Test it by sending a message:

1 service = AgentService()
2 response = await service.process_message(
3     user_id="user-123",
4     message="What's the status of my order?",
5     user_context={"plan": "premium"}
6 )
7 print(response.response)

Now go back to the LaunchDarkly UI. Add a new node or change an edge. Run your code again. Topology changes are picked up by your traversal code on subsequent SDK evaluations.

Step 6: Monitor agent performance

This is the key differentiator: monitoring happens on the graph itself, not in a separate view. You see metrics overlaid on the same visual topology you built, so bottlenecks are immediately obvious.

The sample repo includes full instrumentation: calls to tracker.track_success(), tracker.track_error(), and tracker.track_tool_call() in the agent execution path. After running some traffic, open your agent graph to view the results.

Navigate to AI > Agent graphs > chatbot-flow. A metrics bar at the top of the graph view lets you toggle different metrics on and off.

Metrics on the graph

Here’s what makes this different from traditional APM: the metrics appear directly on your workflow visualization. No mental mapping between a separate view and your code. No correlating trace IDs. The slow node lights up on the graph.

Turn on Latency to see duration data overlaid directly on your graph:

Total duration: The combined time for the entire graph invocation
Per-node duration: How long each individual agent takes

Turn on Invocations to see how often each node is reached. This reveals which paths your users take most frequently. In a routing graph, you’ll quickly see whether most queries go through security or skip directly to support.

Turn on Tool calls to view the average number of tool invocations per node. If an agent is calling tools excessively, you’ll spot it here.

Monitoring page

Click Monitoring to see all metrics over time. This view shows:

Latency trends: Duration per node over hours, days, or weeks
Invocation patterns: Traffic flow through your graph
Tool call breakdown: Which specific tools are being called and how often

Monitoring view — Node-level metrics broken down by agent, showing invocations, tool calls, and latency over time

Instrument tool tracking

To see which specific tools are called, you need to track them in your code using the tracker. The SDK sends this data to LaunchDarkly, which displays it in the monitoring view.

Generate traffic to see metrics

Run the traffic generator from the sample repo to send queries through your graph:

$ uv run python tools/traffic_generator.py --queries 20 --delay 2

This sends a mix of queries (some with PII, some without) to exercise both the security and support paths. After a few minutes, you’ll see metrics populate on the graph.

Detecting a slow agent

With traffic flowing, suppose the security-agent starts averaging 5 seconds per call. With latency metrics enabled on the graph, you see it immediately: the security-agent node shows a high duration value while other nodes stay fast.

The invocation numbers also tell a story. If security-agent shows 50 invocations and support-agent shows 80, you know ~30 queries are bypassing security (the clean path).
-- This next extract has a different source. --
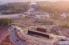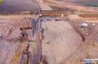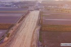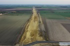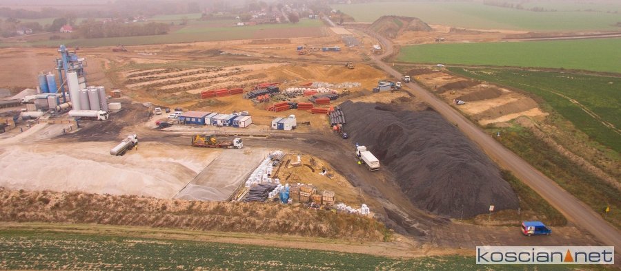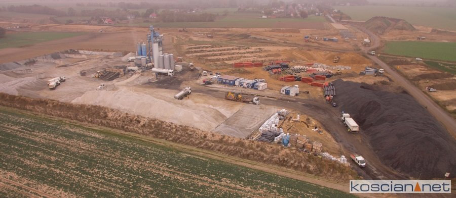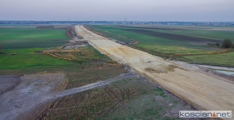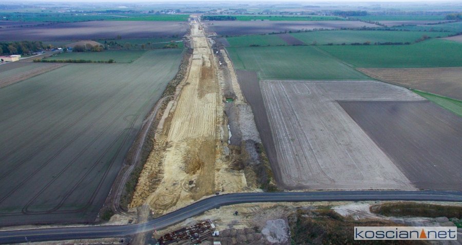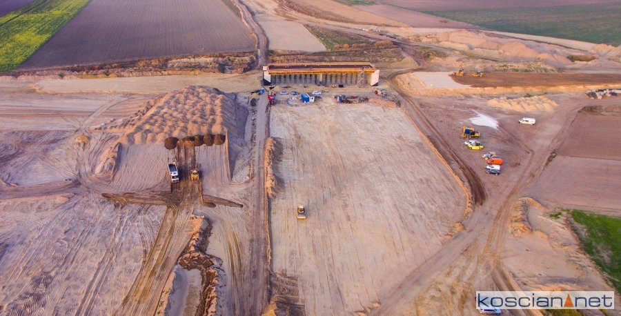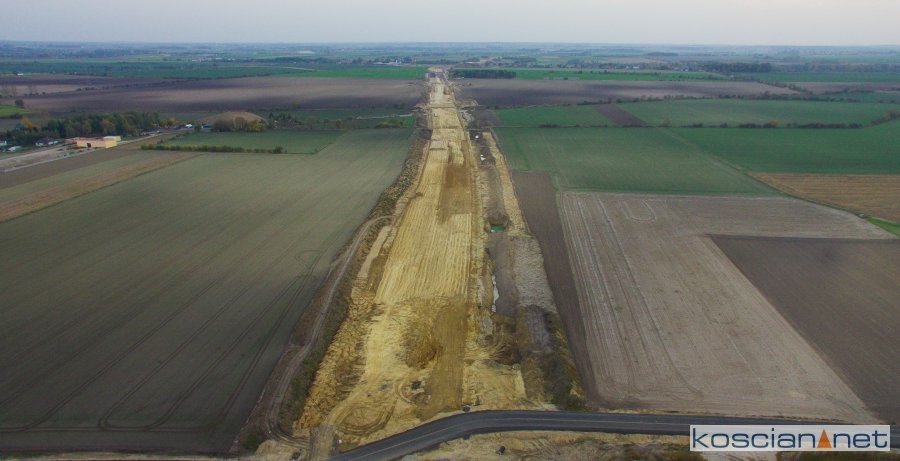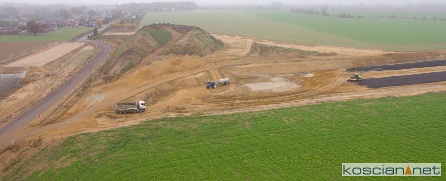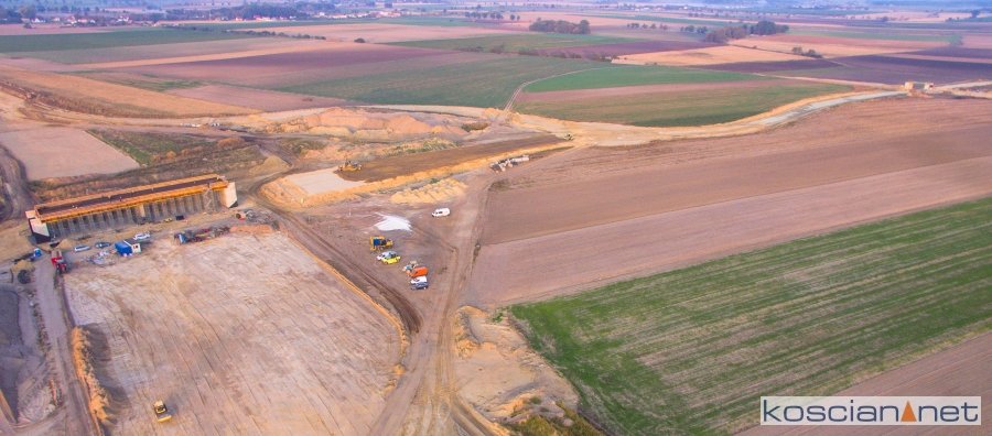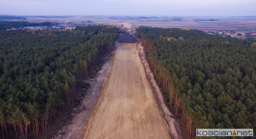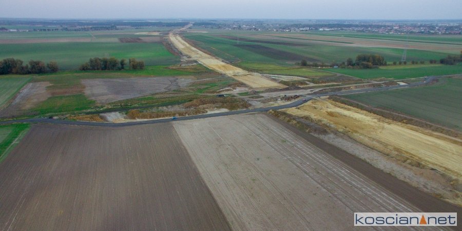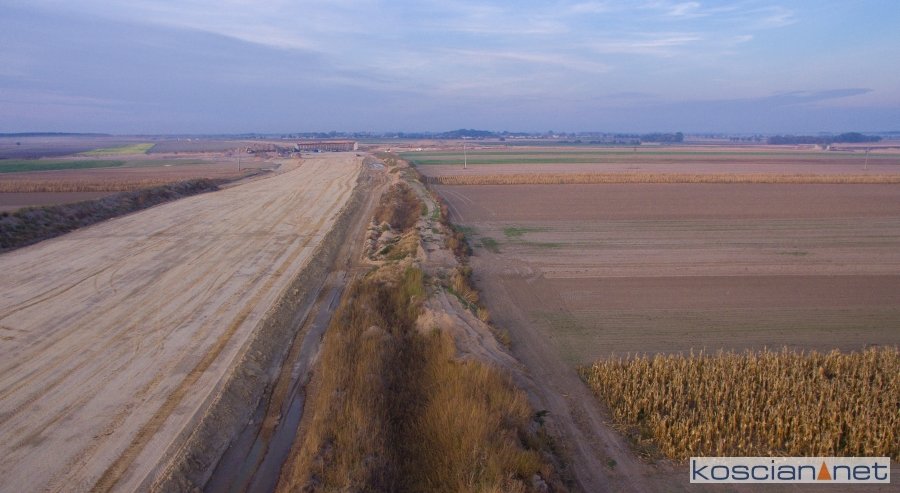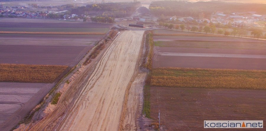 Przelatujemy nad placem budowy drogi ekspresowej nr 5 w powiecie kościańskim.

This helps you understand whether the slow agent is affecting most users or just a subset.

Without agent graphs, you’d need custom logging, Datadog queries, and manual correlation. With agent graphs, you spot the problem in 30 seconds.

Step 7: Fix without deploying

The security-agent is slow because it’s using claude-sonnet-4-6 for PII detection. A smaller, faster model may be sufficient for this task.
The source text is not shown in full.